By Elizabeth O’Brien
Volume 17 • Issue 12 / August 13 – 19, 2004
Slow boat to a ferry terminal
The temporary ferry terminal near Rockefeller Park in Battery Park City will remain at its current location until April 2006, months later than originally planned, according to a Port Authority spokesperson.
In the spring of last year, the Port Authority moved the ferry terminal from North Cove to Rockefeller Park to make way for the construction of a new terminal that was to be completed next year in front of the New York Mercantile Exchange. A Port Authority spokesperson told Downtown Express last August that air monitoring equipment would soon be installed at the Rockefeller playground and park to measure diesel emissions coming from the ferries.
But today, no building has begun at the North Cove site and no air monitoring has started at Rockefeller Park. Battery Park City residents are troubled by the black smoke that spews from the ferries and the apparent lack of progress in remedying the situation.
“From my point of view, it’s the feeling of frustration and hopelessness,” said Gary Wohl, a resident of Tribeca Park at 400 Chambers St.
Wohl said he moved to Battery Park City from the Village to be close to Rockefeller Park.
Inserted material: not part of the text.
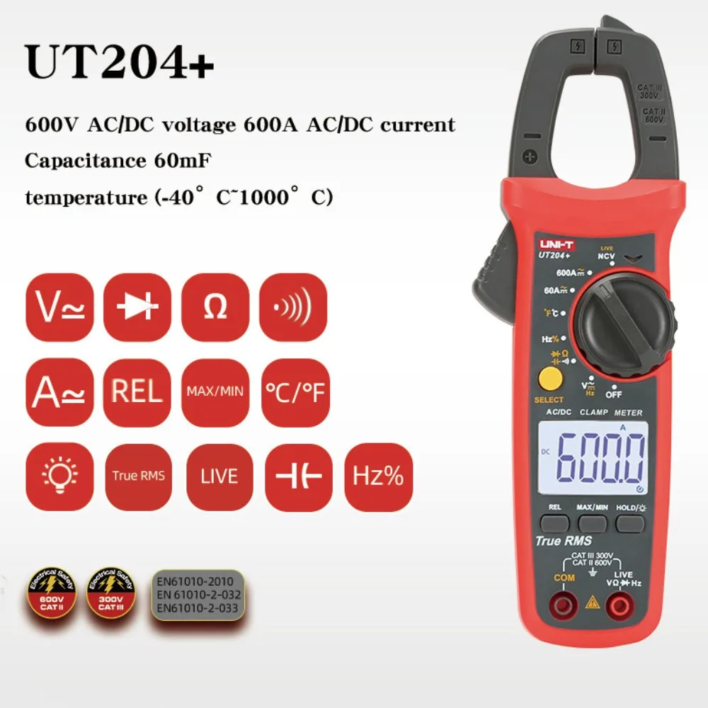 UNI-T UT202 +UT203 + 400-600A Токоизмерительные клещиАвтоматический диапазон True RMS Высокая точность цифровой мультиметр постоянной ёмкости, универсальный конденсатор тестер сопротивления

But his enjoyment of the area has been lessened by the noise and pollution from the ferries.
Port Authority contractors recently completed an evaluation of the best places to put air monitors, and monitoring activity will begin shortly, said Steve Coleman, a Port Authority spokesperson. He said he did not have an exact date of when it will begin.
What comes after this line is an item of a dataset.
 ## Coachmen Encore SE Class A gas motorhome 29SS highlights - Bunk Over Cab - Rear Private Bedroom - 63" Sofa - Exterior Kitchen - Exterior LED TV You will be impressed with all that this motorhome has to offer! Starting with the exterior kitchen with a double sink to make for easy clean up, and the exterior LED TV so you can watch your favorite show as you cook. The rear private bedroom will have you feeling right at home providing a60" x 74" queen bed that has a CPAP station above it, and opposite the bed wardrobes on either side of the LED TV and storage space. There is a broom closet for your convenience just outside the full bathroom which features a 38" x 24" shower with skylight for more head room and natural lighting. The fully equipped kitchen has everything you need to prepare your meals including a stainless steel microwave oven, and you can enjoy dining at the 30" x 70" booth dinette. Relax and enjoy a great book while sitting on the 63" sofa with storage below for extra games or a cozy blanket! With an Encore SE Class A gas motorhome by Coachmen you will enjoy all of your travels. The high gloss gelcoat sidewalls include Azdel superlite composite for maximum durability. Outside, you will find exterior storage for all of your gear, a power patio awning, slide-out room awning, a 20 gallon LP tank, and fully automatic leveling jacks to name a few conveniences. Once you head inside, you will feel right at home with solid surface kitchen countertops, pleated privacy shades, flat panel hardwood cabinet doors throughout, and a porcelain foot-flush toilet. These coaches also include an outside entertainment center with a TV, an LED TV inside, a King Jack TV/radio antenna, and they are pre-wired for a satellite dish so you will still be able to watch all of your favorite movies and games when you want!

A spokesperson for New York Waterway, which operates the boats at the interim terminal, said all of the company’s new ferries have clean-burning electrical engines, and older engines are being re-powered for more efficient fuel use. Pat Smith, the spokesperson, estimated that only one or two boats per day on the Rockefeller Park run have the old kind of engines that release the most smoke.
That’s small comfort for Magdalena Hasiec, a Battery Park City mother of two young girls. She said the wind does carry ferry exhaust from the temporary terminal to the park, a distance of approximately 65 feet.
Even so, the lush, green expanse of Rockefeller playground, with its sprinklers, is so inviting during the hot summer months that many parents let their children use it in spite of their concerns about ferry emissions.
This spring, the federal Environmental Protection Agency announced that it would move forward with regulations requiring marine engines, including ferry engines, to limit their diesel fuel emissions to 15 parts per million of sulfur by the year 2012, said John Millett, an agency spokesperson.
“It’s not something that can happen overnight, unfortunately,” Millett said, noting that fuel suppliers and engine manufacturers must be given enough notice to change their products.
These regulations, however welcome, will come too late for many Battery Park City residents.
“It’s too long for even two summers for the children to breathe that air,” Hasiec said.